**TASK TO COMPLETE:**
Within the entries below, please return exactly the lines from the one with "DEVELOPMENT OF NOVEL" through the one with "시각적인 효과 부여 |", leaving out any pictures.

Records contained in a dataset:
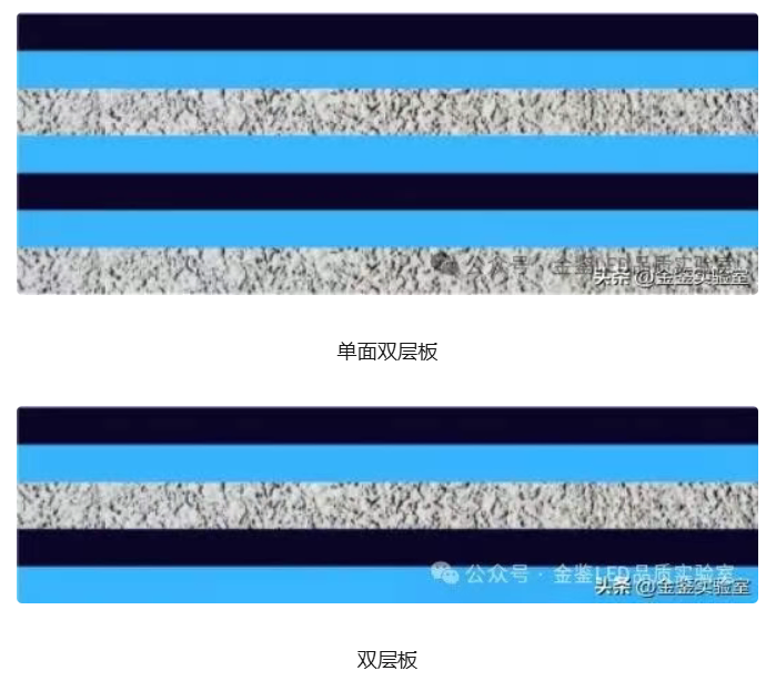 2. 双面线路铝基覆铜板有两层导电图形层与绝缘材料加铝板(基板)叠加在一起。
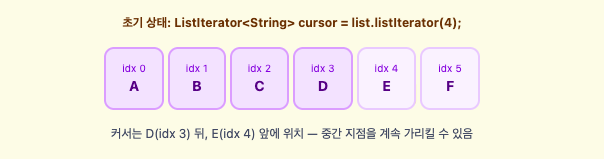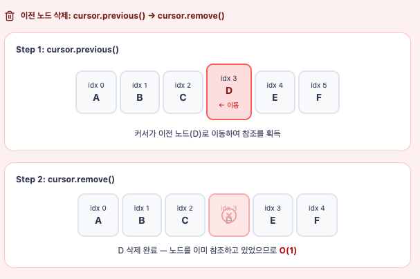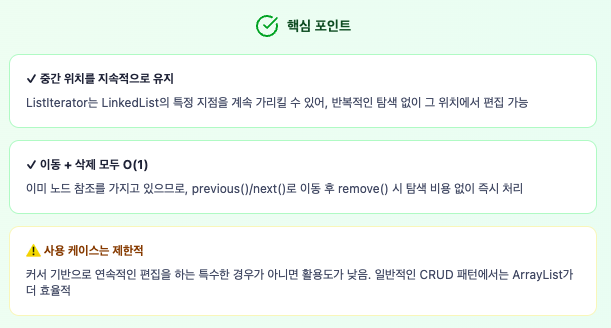 즉, ListIterator로 하여금 중간 위치를 지속적으로 가리킬 수 있게 만들어서 이동 + 삭제까지를 O(1)의 시간복잡도 내에 처리 가능하도록 한다.
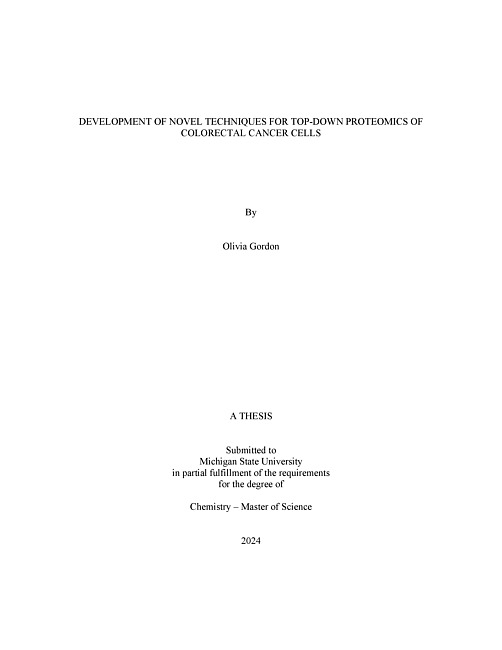 DEVELOPMENT OF NOVEL TECHNIQUES FOR TOP-DOWN PROTEOMICS OF COLORECTAL CANCER CELLS
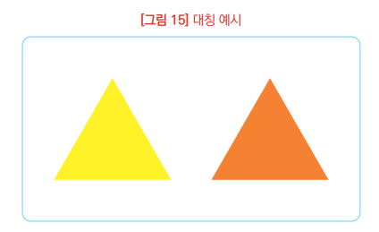 | 크기 변화 | 크기를 확대하거나 축소함으로써 디자인에 균형, 강조 또는 조화 등의 시각적인 효과 부여 |
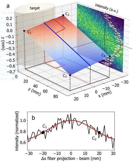 In order to construct a plane and motion profile for a raster Thomson scan, the beam height is interpolated from Rayleigh scattering measurements at the four corners, C through C. For these measurements, the beam is first translated to the required x using the final turning mirror, while the collection assembly is moved to the required position . The Rayleigh scattering intensity is then measured while scanning across the beam at 1 Hz in 0.1 mm steps and the beam center z is determined with 10 m accuracy from a Gaussian fit to the experimental data. Measuring the z-coordinates of the four corners through allows us to calculate the beam height at an arbitrary position in the plane. If the four corners have the coordinates , then the z-coordinate of the beam position at is given by the following formula:

**SOLUTION TO THIS TASK:**
 DEVELOPMENT OF NOVEL TECHNIQUES FOR TOP-DOWN PROTEOMICS OF COLORECTAL CANCER CELLS
 | 크기 변화 | 크기를 확대하거나 축소함으로써 디자인에 균형, 강조 또는 조화 등의 시각적인 효과 부여 |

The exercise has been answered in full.